Materials and methods
Raw data
Mouse miRNA expression data were downloaded from NCBI GEO (GSE77271) (20), based on the SurePrint G3 Mouse miRNA Microarray. A total of 6 samples were included in the dataset: 3 samples were the control group and 3 samples were the liver fibrosis group, which was induced using carbon-tetrachloride (CCl4). Mouse LncRNA and mRNA expression data were also downloaded from NCBI GEO (GSE80601) (21), generated using an Affymetrix GeneChip Mouse Exon 1.0 ST Array. A total of 10 samples were included in this dataset: 5 samples were the control group and 5 samples were the liver fibrosis group, which was also induced by CCl4.

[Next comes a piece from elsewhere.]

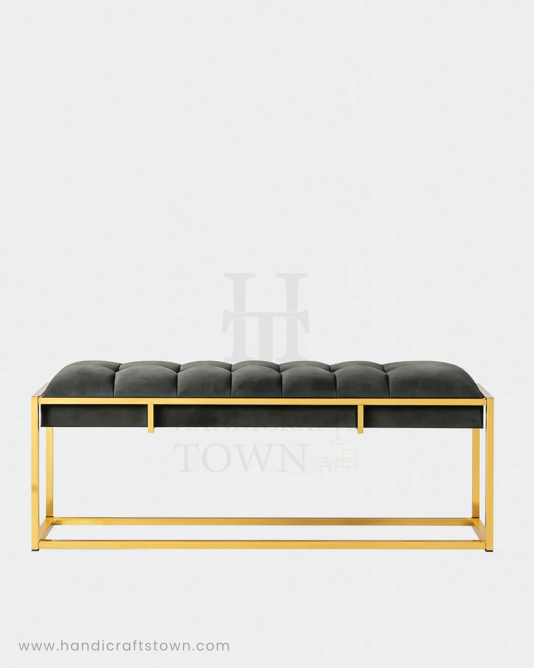 Elevate your interiors with the timeless elegance of the Golden Vista Bench. Featuring a plush, tufted velvet seat in a deep charcoal hue, this bench pairs ultimate comfort with sophisticated style. Its sleek gold-finished metal frame adds a touch of opulence, creating a striking contrast that catches the eye. Perfect as an entryway accent, bedroom statement piece, or living room seating, the Golden Vista Bench blends luxury with versatility, making it a must-have for modern homes.

Gene chip probe re-annotation
Based on the LncRNA classification pipeline constructed in our previous study (22), a number of LncRNAs represented on the Affymetrix microarrays were identified. First, the latest version of the NetAffx™ Annotation File (MoEx-1_0-st-v1 Probeset Annotations, CSV Format, release 36; uploaded 7/6/16) was obtained from the Affymetrix official website (http://www.affymetrix.com/support/technical/byproduct.affx?product=moexon-st). This annotation file was mapped to the MoEx-1_0-st-v1 probe sets ID. Second, the probe sets were annotated in the Refseq database (https://www.ncbi.nlm.nih.gov/refseq/); those IDs beginning with ‘NR’ were retained, and transcript IDs labeled with ‘NP’ were deleted. Probe sets from the Ensembl database (https://www.ensembl.org/index.html) and the online software BioMart v95 (https://www.ensembl.org/info/data/biomart/index.html) were applied to convert Affymetrix microarray IDs to Ensembl IDs, together with the corresponding gene type, and only RNAs type which were annotated as ‘lincRNA’, ‘sense_intronic’, ‘processed_transcript’, ‘antisense’, ‘sense_overlapping’, ‘3prime_overlapping_ncrna’ or ‘misc_RNA’ were retained. The probe sets that annotated in Noncode v4 (http://www.noncode.org/) were all retained. Next, based on the above two steps, probe set IDs annotated as ‘microRNA’, ‘snoRNAs’, ‘pseudogenes’ and other small RNAs were removed.
Screening of differentially expressed LncRNAs, miRNAs and mRNAs
First, differential probes of GSE77271 and GSE80601 were selected with thresholds of fold change (FC) >1.5 and P<0.05 using GEO2R (https://www.ncbi.nlm.nih.gov/geo/geo2r/). Second, differential probes were matched to miRNAs in GSE77271, and LncRNAs and mRNAs in GSE80601. Then, the differentially expressed LncRNAs (DELs), miRNAs (DEMis) and mRNAs (DEMs) were identified.
Reconstruction ceRNA network
The LncRNA-miRNA-mRNA network was reconstructed based on ceRNA theory as described previously (7). DEL sequence were obtained from Refseq, Noncode and Ensemble databases, whereas DEMi sequences were obtained from miRBase (http://www.mirbase.org/). Then, the target LncRNAs of miRNAs were predicted by MiRanda (http://www.microrna.org, release 2010) (23). The target mRNAs of miRNAs were predicted by MiRanda and TargetScan v7.2 (http://www.targetscan.org) (24). mRNAs and LncRNAs that were targeted and negatively co-expressed with a certain common miRNA were identified as LncRNA-miRNA-mRNA co-expression competing triplets. The ceRNA network was reconstructed by assembling all co-expression competing triplets, and was visualized using Cytoscape v3.2.8 (25) software. Simultaneously, all node degrees of the LncRNA-miRNA-mRNA network were calculated.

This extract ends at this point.